One morning, my wife suggested I look into making a different kind of bread. Not necessarily to replace my weekly challah habit, but just to try something new. I asked what she had in mind and she mentioned monkey bread. I’d never heard of it.
So I Googled and turns out that monkey bread is actually a yeasted cake. Its origins are rooted in the immigrant Hungarian Jewish community that came to the United States. I immediately thought of my father’s grandparents, Jews who immigrated from the former Austro-Hungarian Empire. I texted my father and sure enough he remembered his grandmother, Bertha Stern, making him what she called Hungarian coffee cake, but what many call aranygaluska.
Aranygaluska looks something like a Bundt cake without the doughnut hole and the splash of powdered sugar. That’s because the goodness lies within, where the warm, gooey jam awaits between doughy dumplings covered in butter, cinnamon and brown sugar.

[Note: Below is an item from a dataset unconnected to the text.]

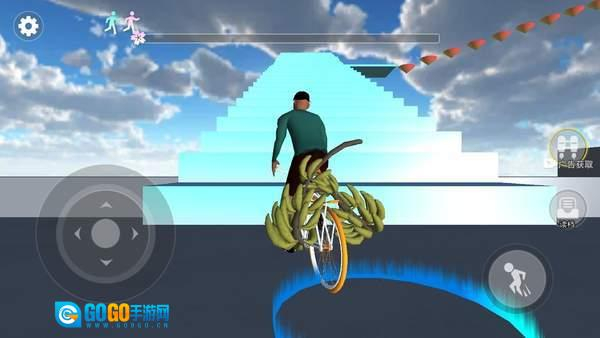 你需要操控游戏主角骑乘脚踏车,在高处把香蕉举起来,巧妙避开各种阻碍,尽力抵达最终的目的地。

Aranygaluska has all the characteristics of a dessert but can just as easily go down with your morning cup of coffee.
Jewish food historian Gil Marks included aranygaluska in his Encyclopedia of Jewish Food, noting the arrival of the “golden dumpling” in the 1880s. Hungarian Jewish immigrants started selling it in their bakeries sometime in the mid-20th century, and it transcended Jewish foods when it was included in a 1972 edition of Betty Crocker, referred to as “Hungarian Coffee Cake,” as my great-grandmother called it.
Eventually it became known as monkey bread. There’s no definitive reason why, but one of the more popular theories is that the act of pulling the bread apart mimicked how a monkey picks something apart.
Joan Nathan, the matriarch of American Ashkenazi cuisine, says she first came across the recipe in George Lang’s “The Cuisine of Hungary” (1971). She also notes that replacing the walnuts with cocoa turns the dish into the wonderfully Yiddish kuchem-buchem.
I admittedly was a bit verklempt when I realized I had stumbled upon a heritage food, especially one laced with two of my favorite ingredients, cinnamon and honey.
This is great for an inexperienced baker because it’s a difficult recipe to screw up. As you get your dough together, it just involves taking pieces of that dough, swooshing them around in bowls of butter and cinnamon sugar, then arranging the chunks of sweetness in layers. Fill the gaps with jam and you’re set.